Las bananas, mejor maduras que verdes

Oct 25, 2017 | Bienestar - Nutrición - Salud - Vida

Por Erika de Paz |

Al caer la tarde, los pajaritos y loros que visitan mi balcón esperan ansiosos un pedazo de cambur; así le decimos los venezolanos a la banana, esa fruta tropical que muchas veces es excluida de las dietas debido a su alto contenido calórico. Me gustan los cambures, aunque los prefiero un poco verdes. Por eso, cuando están muy maduros se los regalo a estos animales con plumas. He comprobado que a ellos les encantan las bananas cuando están un poco “pasadas”, a diferencia de muchos de nosotros, que las descartamos cuando vemos que su piel empieza a oscurecer, y ese color amarillo intenso desaparece. Esto no sólo es lamentable, sino que hacerlo implica un error garrafal: en ese momento es cuando más beneficios recibimos de esta popular fruta.

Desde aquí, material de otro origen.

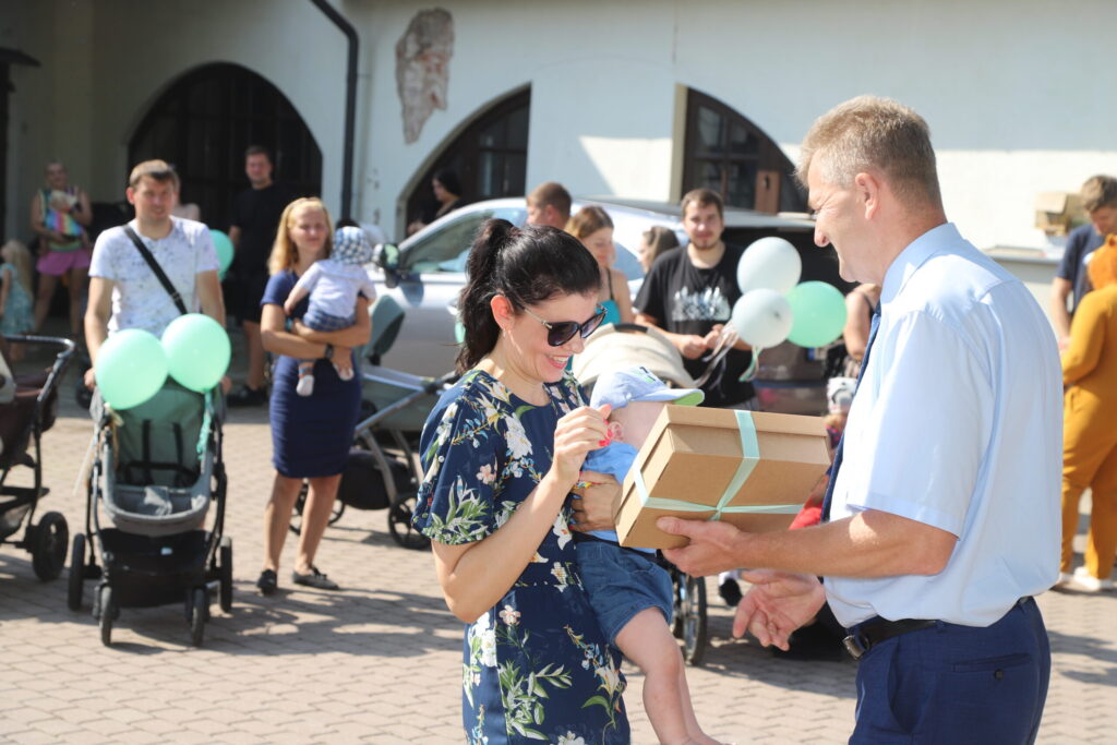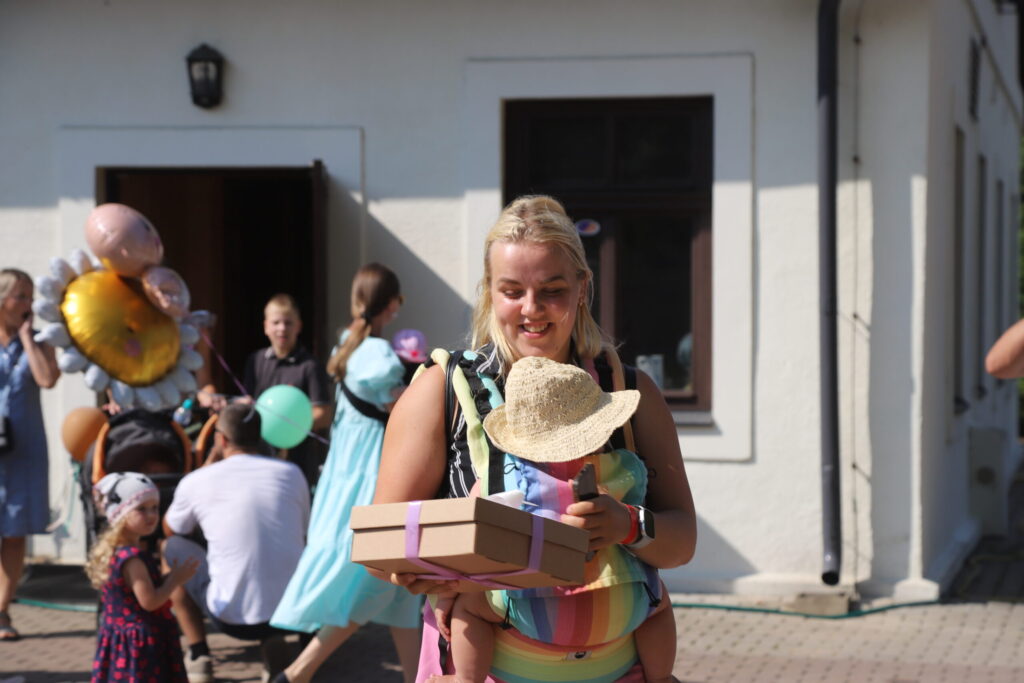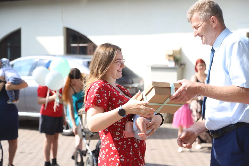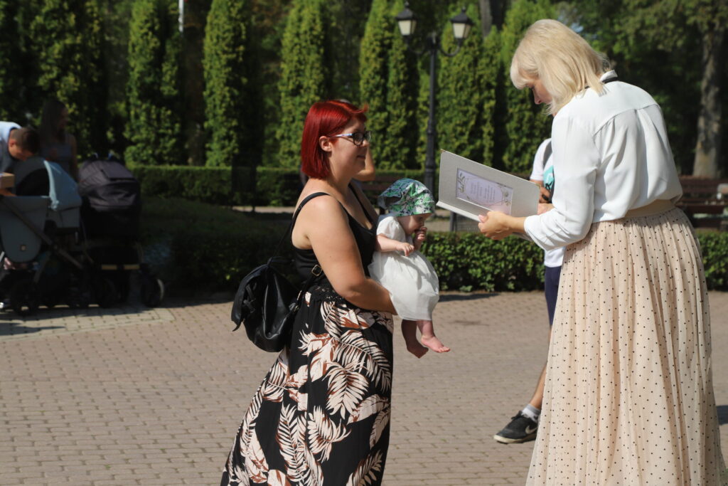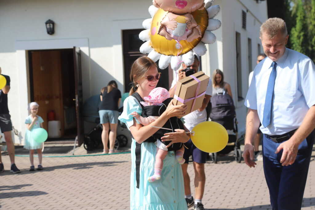 Tāpat kā pērn arī šogad pasākumā sumināja to mazuļu vecākus, kuri šī gada laikā svin savu pirmo kāzu gadadienu. Starp viņiem arī mazās Adrijas Leonovičas vecāki. Adrijas mamma Santa Leonoviča “Dzirkstelei” stāsta, ka dzīvot ar mazu bērnu Gulbenē ir ideāli! Viņai ļoti patīk ar meitiņu pastaigāties pa Vecgulbenes parku. “Tik mierīgi! Šķiet, ka tik karaliski var izstaigāties! Pilsētā arī ir labi, bet tur man ļoti patīk. Adrijai ir deviņi mēneši. Bērns man ir kā Dieva dāvana. Mierīga, sabiedriska, smaidīga, visus apbur,” priecājas jaunā māmiņa, kuru uz Gulbeni atvedusi mīlestība. Nesen ar mīļoto vīrieti, Adrijas tēti, Santa mija gredzenus. “Vīrs ir gulbenietis, un man patīk Gulbenē. Te ir sirsnīgi un jauki cilvēki. Man nepatīk lielas pilsētas. Šī tradīcija – mazuļu sumināšana, ir superīga! Ir patīkami saņemt dāvaniņu. Arī, kad meitiņa piedzima, saņēmām dāvanā skaisti noformētu sedziņu. Tas ļoti silda sirdi. Patīkami!” uzsver Santa.

Este alimento dulce y nutritivo, originario del sudeste de Asia, constituye una de las frutas más saludables que existen.  Las bananas son bajas en sodio, y durante años han sido famosas por ser ricas en potasio, un mineral necesario, entre otras cosas, para regular la función del corazón, mantener la presión normal de la sangre, y equilibrar los líquidos de nuestro organismo. Pero además de potasio, en ellas conseguimos otros minerales como el calcio y el fósforo, aunque en menores cantidades. El cambur es estupendo para quienes sufren de estreñimiento, ya que contiene mucha fibra, y es un aliado perfecto para los deportistas, pues les aporta muchísima energía, y su consumo evita la aparición de calambres. Asimismo, en las bananas hay vitaminas A, C y E, además de folato, un tipo de vitamina B necesario para la producción y mantenimiento de las células nuevas de nuestro cuerpo.

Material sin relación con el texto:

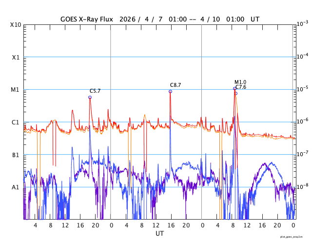 GOES衛星の太陽X線強度。赤・橙 = 0.1〜0.8 nm、青・紫 = 0.05〜0.4 nm (c) データ:NOAA/SWPC、作図:宇宙天気ニュース ![]() | ||||||||||||||||||||||||||||||||||||||||||||||||||||||||||||||||||||||||||||||||||||||||||||||||||||||||||||||||||||||||||||||||||||||||||||||||||||||||||||||||||||||||||||||||||||||||||||||||||||||||||||||||||||||||||||||||||||||||||||||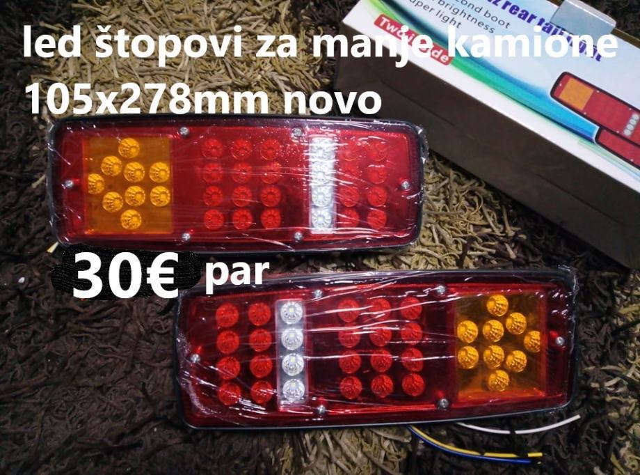 prodajem nova led stop svijetla za manje kamione prikolice i slicno dimenzije 105x278mm novo izvadeno iz kutije samo za slikanje cijena 30€ par fixno

A la mayoría de las personas no les gustan las bananas “pasadas” o con la piel muy oscura. Tal vez porque nos desagrada su sabor extremadamente dulce, o quizá pensemos que, en ese estado, esta fruta puede resultar dañina para nuestra salud; nada más lejos de la realidad. Cuando las bananas están totalmente maduras, producen una sustancia llamada factor de necrosis tumoral o TNF (según su abreviatura en inglés). Esta proteína es milagrosa, ya que tiene la capacidad de combatir las células anormales de nuestro organismo.

Según una investigación científica japonesa, mientras más manchas tenga esta fruta, mayor será su calidad para la inmunidad. Y es que el TNF es un anticancerígeno que aumenta la producción de las células blancas (leucocitos), las cuales ayudan a combatir las células tumorales del cuerpo y permiten fortalecer nuestro sistema inmunológico. En pocas palabras, mientras más madura esté la fruta, mejor será su calidad anticancerígena. De hecho, según algunos investigadores, las bananas actúan muy parecido al lentinan, un estimulante inmune químico que se administra a pacientes con cáncer.

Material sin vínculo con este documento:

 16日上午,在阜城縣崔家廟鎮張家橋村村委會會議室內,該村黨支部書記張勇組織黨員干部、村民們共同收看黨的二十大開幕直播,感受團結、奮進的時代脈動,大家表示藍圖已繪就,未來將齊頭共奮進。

Las bananas maduras, además, son ricos en fructooligosacáridos (FOS), un compuesto que permite el desarrollo de bacterias que ayudan al proceso digestivo, y que estimula el tránsito intestinal. Además, mientras más madura sea la banana, su nivel de antioxidantes será mayor. Por otra parte, es importante señalar que las bananas verdes contienen más almidón que las amarillas: una banana verde tiene 80% almidón y 7% sacarosa, mientras que una madura posee 90% sacarosa y 5% almidón. En este sentido, las amarillas tienen más azúcares naturales, ya que al madurar, el almidón se transforma en azúcar. Cuando comemos bananas totalmente maduras, se absorbe el azúcar fácilmente, a diferencia de las verdes que son difíciles de digerir, pues su almidón no se convierte en azúcar, es resistente a la digestión y no puede ser utilizado como energía.

Evidentemente, no debemos consumir las bananas cuando están completamente negras, ya que pueden estar contaminadas con bacterias, pero esta investigación prueba que las bananas con varias manchas oscuras son más beneficios para nuestra salud que aquellos amarillos o verdes. La próxima vez que tengas una banana madura entre tus manos, evita la tentación de botarla y ¡cómela! Que los pájaros no sean los únicos que se beneficien de este alimento, permite que tu organismo también reciba un poco de esta medicina dulce, poderosa y deliciosa; definitivamente, un maravilloso regalo de la naturaleza.